The reaction of imidazole with some 1-halogeno-2,4-dinitrobenzenes in aprotic solvents
Abstract
The reactions of imidazole with 1-chloro- and 1-fluoro-2,4-dinitrobenzenes in dimethyl sulfoxide are not catalysed by imidazole. DABCO or imidazolium perchlorate. In acetonitrile these reactions are not catalysed by the nucleophile or DABCO but the second-order rate constant kA has a linear dependence on the concentration of tetrabutylammonium chloride and is depressed by the addition of imidazolium perchlorate. In this solvent the reaction of imidazole with 1-bromo-2,4-dinitro-benzene is not catalysed by the nucleophile and the kABr/kACl ratio is 0.90. These results are rationalised in terms of the conventional mechanism of aromatic nucleophilic substitution reactions in aprotic solvents of high relative permittivity, with chloride ion catalysing the formation of the intermediate in acetonitrile solution.
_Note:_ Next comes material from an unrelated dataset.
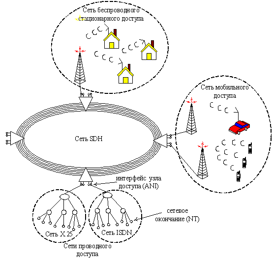 Сопряжение сетей доступа с транспортной сетью осуществляется в узлах доступа. Сети доступа в общем случае разделяются на:

In benzene the reaction of imidazole with 1-chloro-2,4-dinitrobenzene is strongly catalysed by the nucleophile and by tetrabutylammonium chloride and weakly by pyridine. The corresponding reaction with 1-bromo-2,4-dinitrobenzene is also strongly catalysed by imidazole and there is little difference in the reactivity of the two substrates. The catalysis of the reactions by amines observed here, and that previously reported in the literature, is explained as being due to reaction taking place via complexes formed from the reactants and catalysts.